Too busy sharpening his knives.
The open-floorplan stuff here is really kind of a distraction. The core issues at Valve (which have been reinforced by a long stream of ex-employees with very similar complaints) have to do with a management culture that doesn't scale and which is broken at the current scope of the company. Bad office space is just a symptom.
Open spaces are thoroughly destructive to productivity in creative industries. This isn't an opinion or anything, it's a factual conclusion that arises naturally from several long-established observations about work:
- Creative work isn't done consistently over time; it's done in peaks and valleys, with periods of apparent slacking interrupted by periods of high productivity
- Periods of high productivity have a high refractory index from interruption -- someone might be able to get a ton of work done in a two-hour block "in the zone" but take a half hour to get back in after one five-minute conversational distraction.
- Employees work better when focused on their own individual deliverables and less well when focused on the relative performance of other people around them, and open plans encourage the latter.
- The benefits of random conversation and information exchange between employees arise primarily at first points of contact -- i.e. when two employees start a conversation about what one of them is working on. You get these just fine when people run into each other in the hall or the breakroom, or get lunch together cross-department, while being in close proximity all day means you only get these at a few specific times.
This is putting aside all the narrower issues, like how unreasonable it is to expect everyone to be a constant aggressive extrovert just to work in an office. The floorplan thing is kind of like the crunch time issue: you can't trust people's subjective assessments of their own productivity, when these factors consistently tank productivity in objective measure.

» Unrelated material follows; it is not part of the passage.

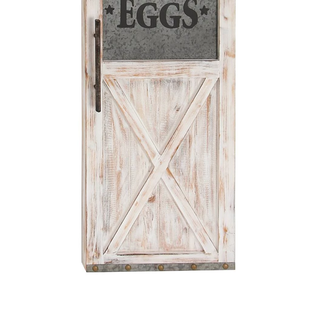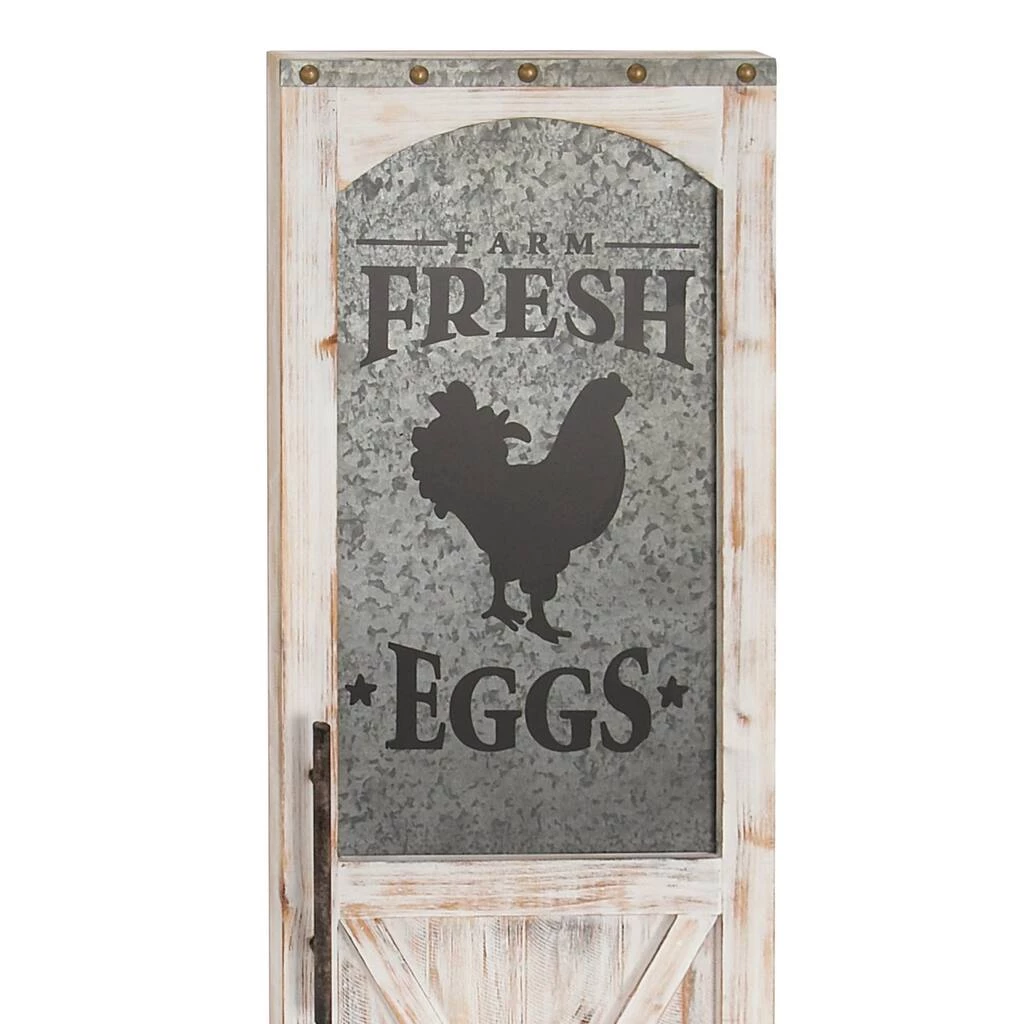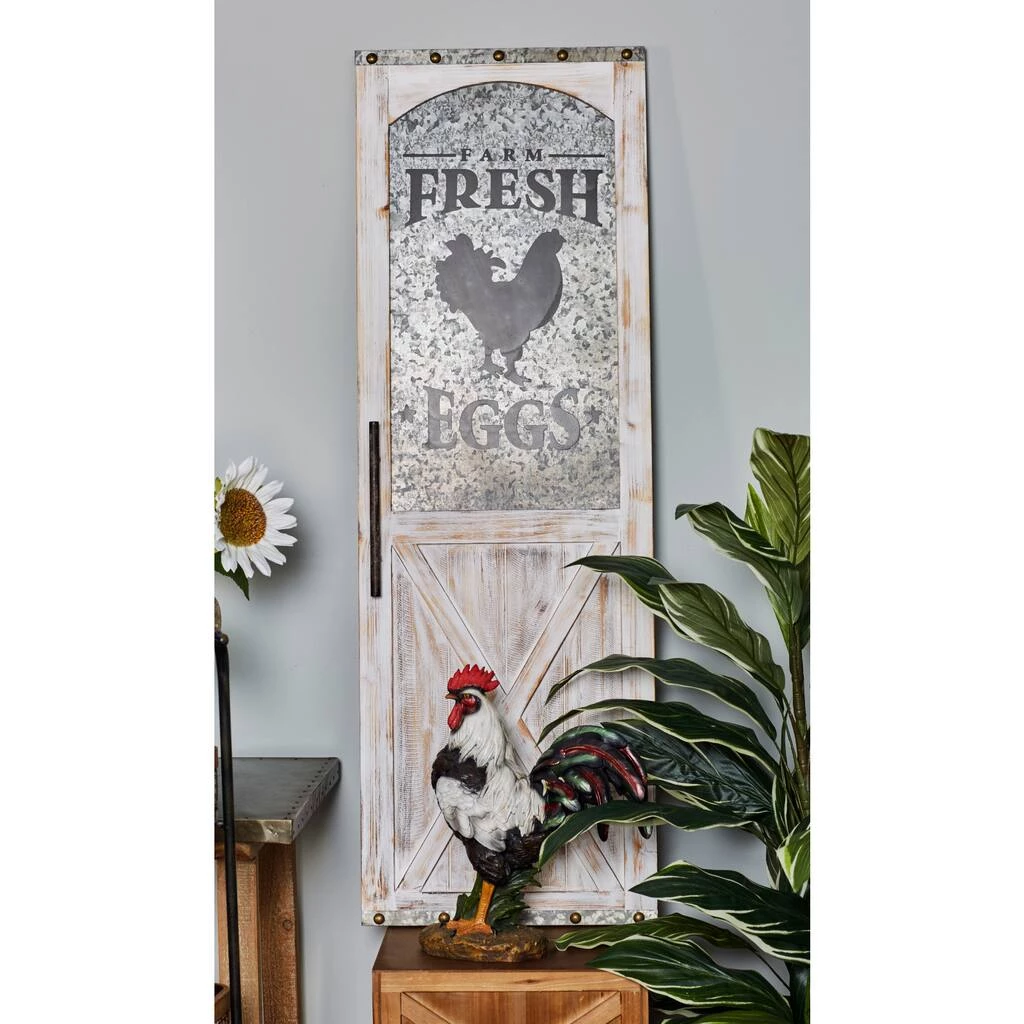 Kick your country or farmhouse style kitchen up a notch with this 47″ Black Wood Farm Fresh Eggs Wall Decor, featuring metallic silver galvanized metal with “FARM FRESH EGGS” script and a chicken illustration. The metal sign is housed in a whitewashed wood frame with a re-purposed barn door look, included studs and a distressed metal handle.

Getting back to the bigger picture issue, you get this at a place like Valve due to a bit of a cargo cult mentality -- they see how startups can be successful in cramped quarters with flat organizational structures, and try to copy these at a company whose size demands very different strategies for success.
I'm developing medical software. And I actually got my own office room, thank you very much. You do not want me to make errors.
I'm developing medical software. And I actually got my own office room, thank you very much. You do not want me to make errors.
Nonsense.Stack ranking is, by definition, a comparison of employees against each other. It doesn't imply anything else. All it implies is "how does A compare against B". If Microsoft wants to derive a bell curve out of that, that's an extension of their implementation. It doesn't even imply a fully linear order. What if A > B and C > D, but there's no data point comparing B and C? Who knows.
The point is, "stack ranking" doesn't imply someone is looking at the results and punishing the people at the bottom.
Suppose you've got some guy who is, say, level 6 (whatever that means). He wants to get promoted to level 7. Everybody loves the guy, he does great work. If his stack ranking puts him higher than some level 7s, that doesn't mean the level 7s should be punished for underperforming. Maybe it means this guy is overperforming and deserves a promotion.
The point is, the stack ranking result doesn't need to be looked at in isolation. It can be part of a much larger context of an employee's performance characteristics and interpreted accordingly.